Here at City Paper, we've already heard one complaint -- from the husband of a staffer's landlady -- about a voter who "pulled the straight-party lever"* for the Republican slate. Only afterwards did the voter realize that in doing so, he'd voted for Mayor Luke Ravenstahl by mistake. The mayor is the Democratic nominee, of course, but thanks to a successful write-in campaign during the May primary, he's also the GOP's candidate in the race. Looks like that bit of Machiavellianism had paid off with one vote, at least.
Meanwhile, Ravenstahl's two challengers -- Dok Harris and Kevin Acklin -- may be struggling with the reverse phenomenon. Acklin and Harris appear under their own names, but you can also vote for them on the "party-line" screen, alongside the Dems and the GOP. Acklin is running under the "Independent" party, whereas Harris appears as the "Franco Dok Harris" party.

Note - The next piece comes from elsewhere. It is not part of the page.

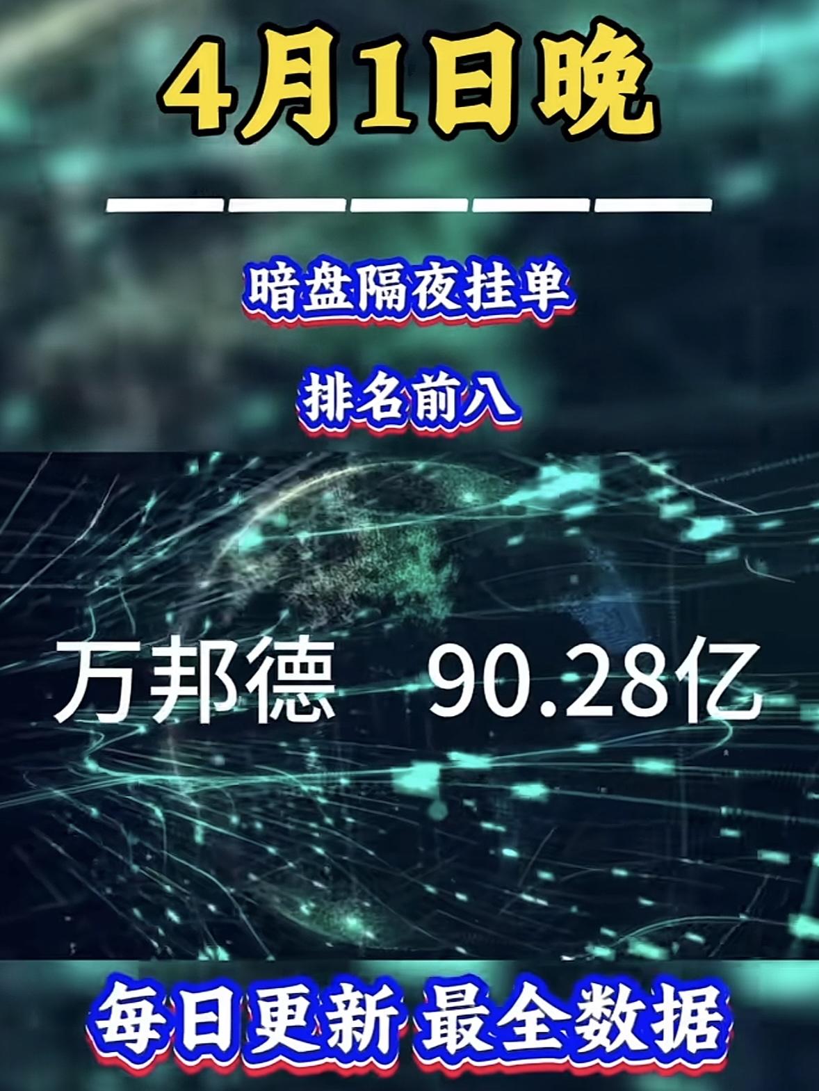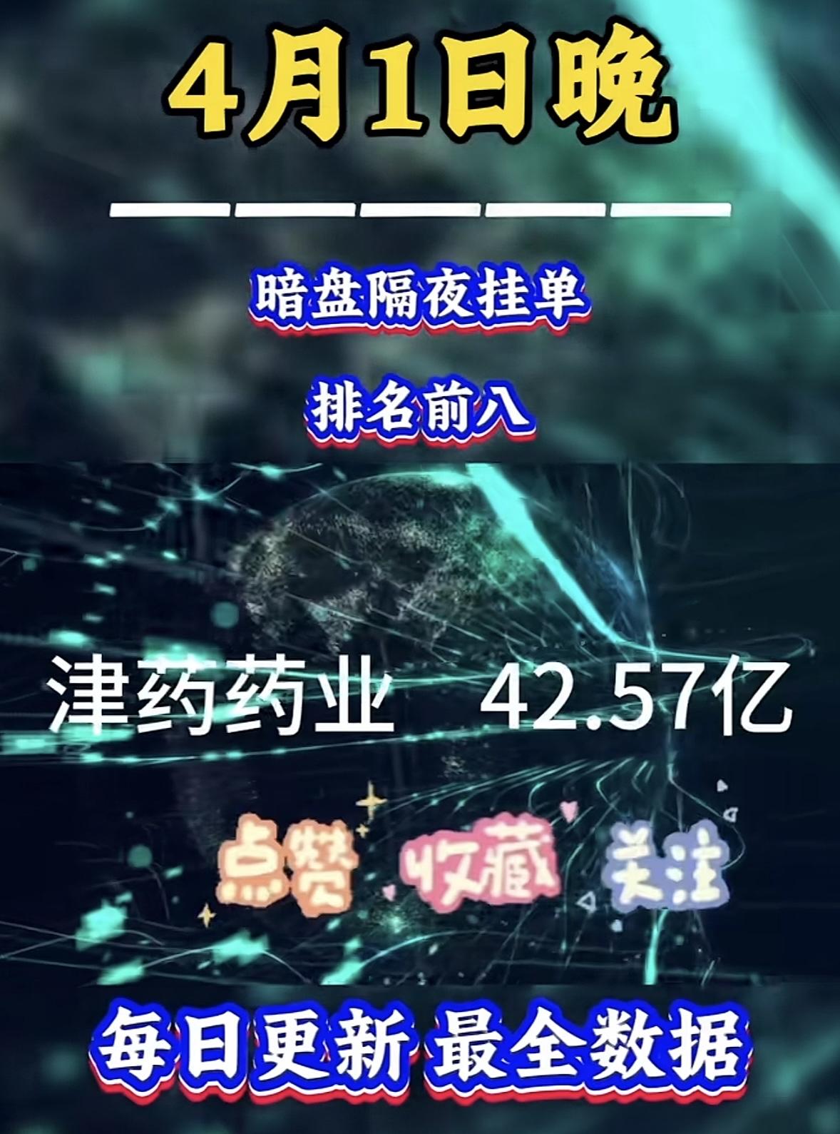4月2日周四暗盘隔夜挂单排行榜出炉 4月1日晚津药药业暗盘隔夜挂单42.57亿,这数字可太惊人了。要知道,津药药业最近股价波动很大,3月31日、4月1日连续两个交易日收盘价格涨幅偏离值累计达20%,3月26日至4月1日股价累计涨幅45.45%,还斩获4连板。 不过,公司基本面没啥大变化,2025年前三季度营收22.32亿元,同比降13.24%,净利润6953.99万元,同比降62.75%。公司也多次提示风险,说股价可能有非理性炒作和下跌风险。这42.57亿挂单,不知道是机会还是陷阱,投资还得谨慎啊。

But there's a wrinkle, says Harris supporter Stephanie Dangel. A "get out the vote" volunteer was told by a poll worker that voting for Harris on the party-line screen "would preclude the voter from voting for other offices." That's not true: A party-line vote only registers in the races where the party has a candidate, and voters are still given the opportunity to vote in other races.
Assuming the machines work correctly, voters will get that chance -- no matter what a poll worker might think about it. But Dangel says she and other Harris backers have heard from voters who are "confused" about how the system is supposed to work.
Maybe this is a good time for voters to break the habit of casting straight-party ballots?
* I know -- archaic language in the age of electronic voting. "Pushed the straight-party button"?